Мы жили в съемном двухкомнатном частном доме. Родилась Влада, спать ее выносили на улицу, потому что Алина часто плакала и кричала. Муж уезжал в командировки в Чечню, где было небезопасно, мы с девочками его ждали и переживали. Денег было в обрез, соседи помогали продуктами: домашние яйца, молоко, фрукты из сада. Среди соседок была одна женщина из службы соцзащиты, она иногда заходила к нам просто так, а потом пришла с предложением – отказывайтесь.

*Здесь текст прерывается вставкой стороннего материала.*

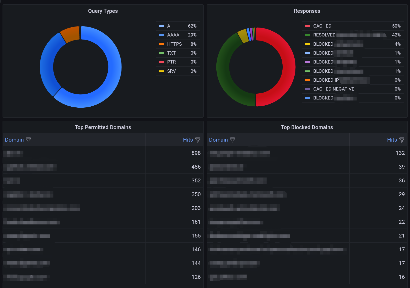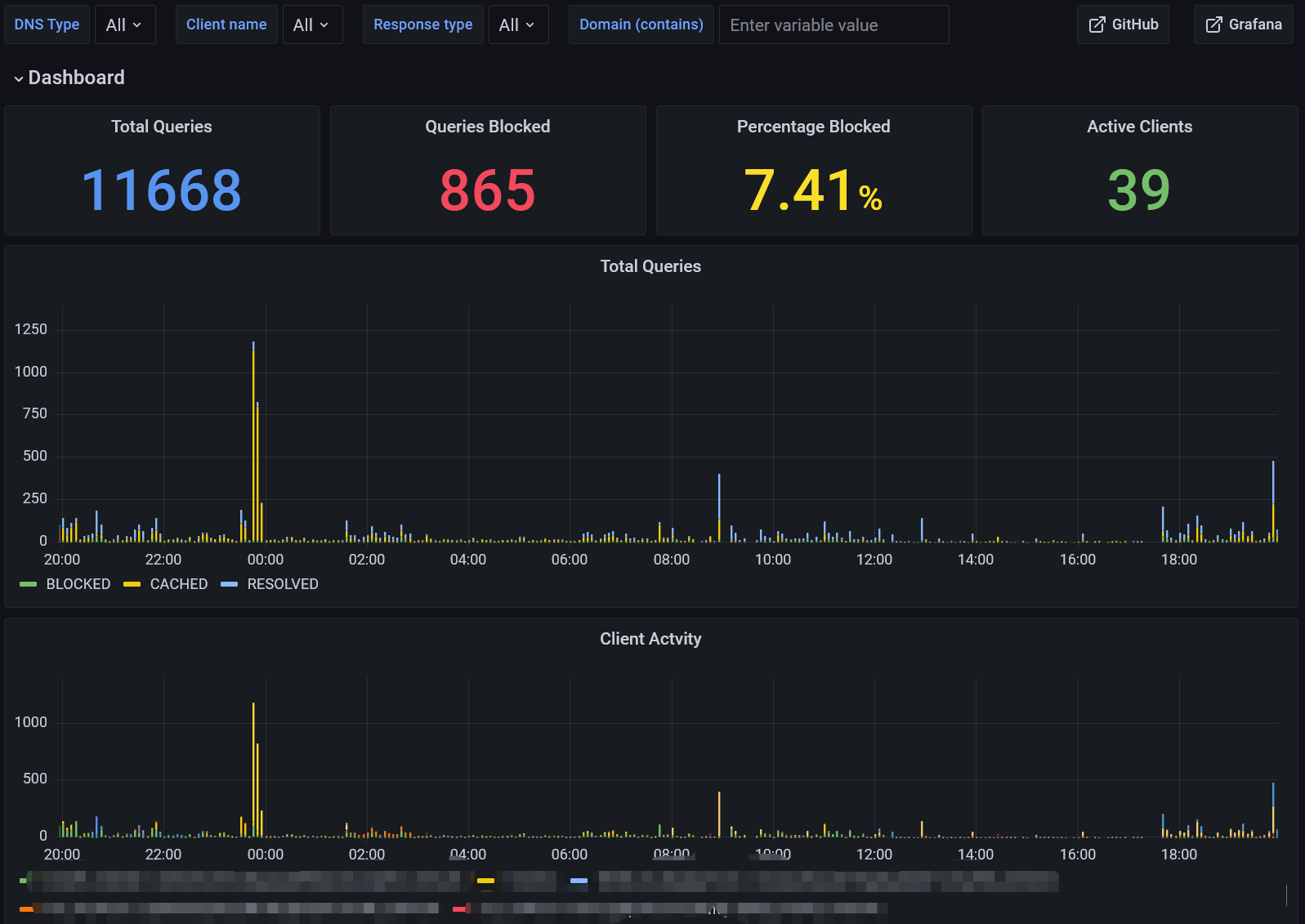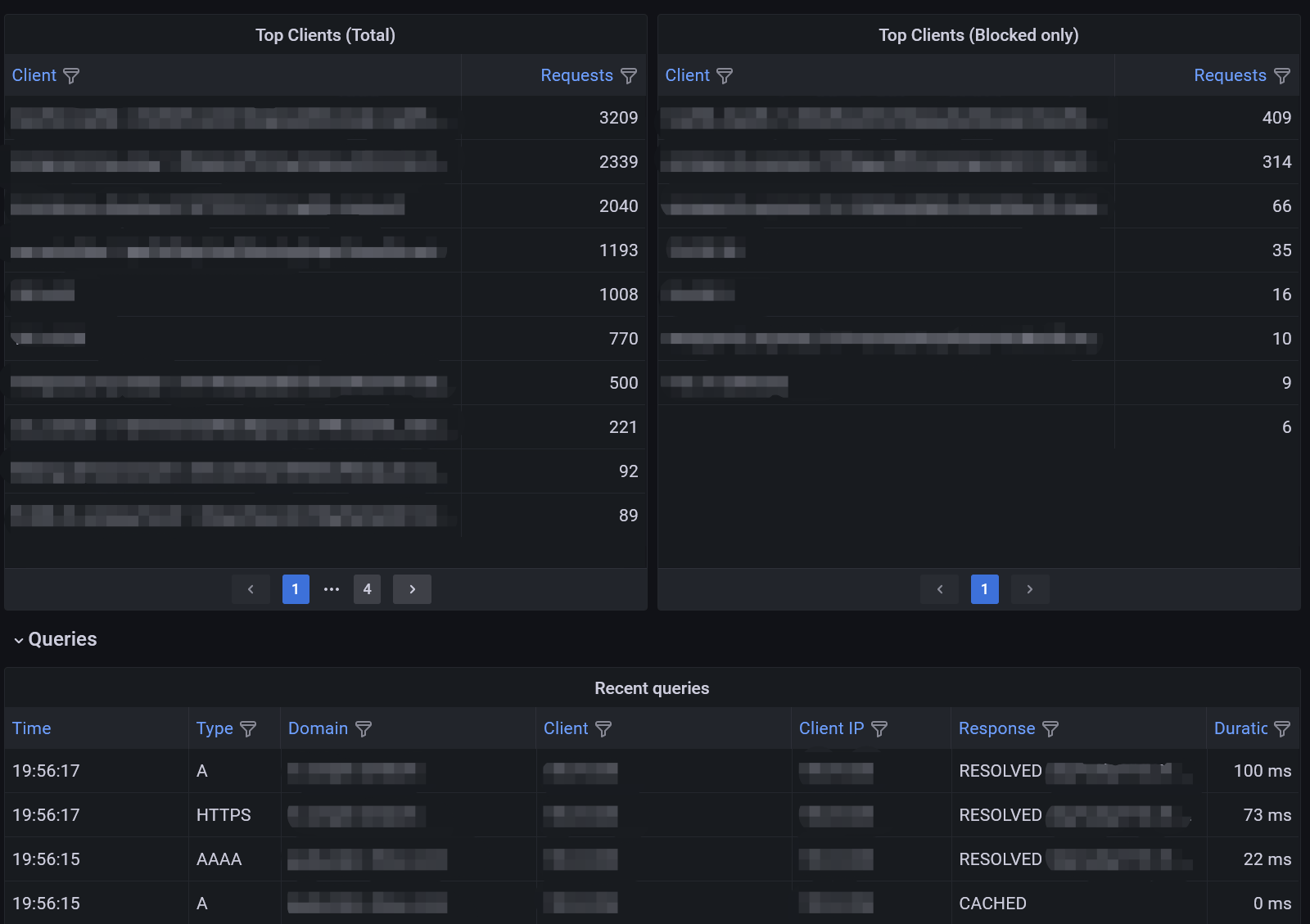 This is a Grafana dashboard for Blocky with PostgreSQL query logging. It displays top clients, top domains, recent queries and more.

Я каждое утро заплетала Алине косички, ей это не нравилось, но так надо было, потому что волосы на затылке постоянно путались, она же все время лежала. Потом кормление и лекарства по часам. Ела она каши, перетертые супы, фруктовое пюре и йогурты. С лекарствами было сложнее, приходилось их добывать с боем. Бывало, пропускали несколько дней, потому что невозможно было купить ни в одной аптеке. В такие дни Алина постоянно плакала и судороги усиливались, было страшно и жалко, ведь ни помочь, ни объяснить ребенку, что Минздрав в этом месяце нужное лекарство не закупил. Гулять тоже было проблематично: в детскую коляску дочка уже не помещалась, а инвалидная нам не подходила – Алина не могла сидеть, скатывалась, голову и спину не держала, если зафиксировать, сразу плакала. Вечером детей по очереди купали, стирали пеленки и укладывали спать. Я не могла себе представить, кто будет заботиться так об Алине, если я от нее откажусь. Но тетенька из соцзащиты была настойчивой, убеждала, что отказываться не надо, что в интернате Алина просто будет на лечении, можно будет в любое время забрать домой.

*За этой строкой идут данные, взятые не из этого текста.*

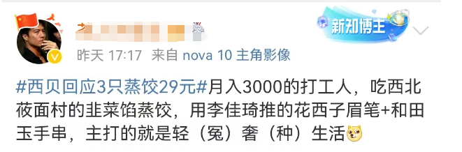 虽说隔行如隔山,但西贝之所以被调侃西字辈,主要还是拿了花西子的剧本。

Когда Алине исполнилось 4 года, нам наконец дали служебную трехкомнатную квартиру в военном городке. Я, честно говоря, обрадовалась, что тетенька из соцзащиты к нам часто ходить перестанет. У Алины теперь была своя комната, на стенах розовые обои с мишками, разноцветные светильники и тюль, яркое постельное белье, большая кровать на заказ с мягким бортом. Влада из этой комнаты не вылезала, но спать в ней с Алиной она бы не смогла: ночью Алина плакала, громко и долго. Покачать или спеть колыбельную – такое с ней не работало. Просыпалась и прибегала Влада, до четырех утра могла с нами сидеть. Просыпались соседи снизу, а потом жаловались на нас в ЖЭК с требованием выселить. Мне пришлось отправить Владу в садик в год и восемь. Она была еще совсем крохой, и мы обе с ней рыдали при расставании, но для нее так было лучше. Воспитатели удивлялись поведению маленькой Влады: она ни с кем не разговаривала, но за всеми молча убирала игрушки.

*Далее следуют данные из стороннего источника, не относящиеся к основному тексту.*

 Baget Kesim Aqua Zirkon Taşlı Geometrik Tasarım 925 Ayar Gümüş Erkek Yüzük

Из садика Влада каждый месяц приносила разные болячки, которыми мгновенно заражала старшую сестру. Для Алины любая простуда – двойное мучение: ребенок не может самостоятельно ни кашлять, ни высморкаться, мокрота скапливается, от высокой температуры судороги становятся чаще, таблеток приходится пить вдвое больше. Боролись с вирусами как могли, каланхоэ закапывали в нос, чтобы чихала, грудь простукивали, чтобы отходила мокрота. Однажды было совсем плохо, температура не падала, я раздела Алину догола, чтобы сбить жар, и вызвала доктора. Отлучилась на пять минут проверить кашу, возвращаюсь – на Алине верхом сидит маленькая Влада и рисует у нее на груди зеленым фломастером какие-то каракули. Вот-вот придет врач, а у меня тяжело больной ребенок изрисован зигзагами. Пробовала отмыть – бесполезно. К нам приехал сам заведующий отделением, Алину он хорошо знал по всяким комиссиям и болячкам. Он очень строго на меня посмотрел, видимо, выглядела я в тот момент так себе, потом послушал Алину, не обратив внимание на зеленые каракули, выписал кучу лекарств и стал меня отчитывать. Я плохая мать, я не думаю о здоровом ребенке, она вырастет психически ненормальной, я запустила себя, Алине лучше в интернате, чем вечно переносить садиковские вирусы. Он говорил это так убедительно и строго, что я только молча кивала.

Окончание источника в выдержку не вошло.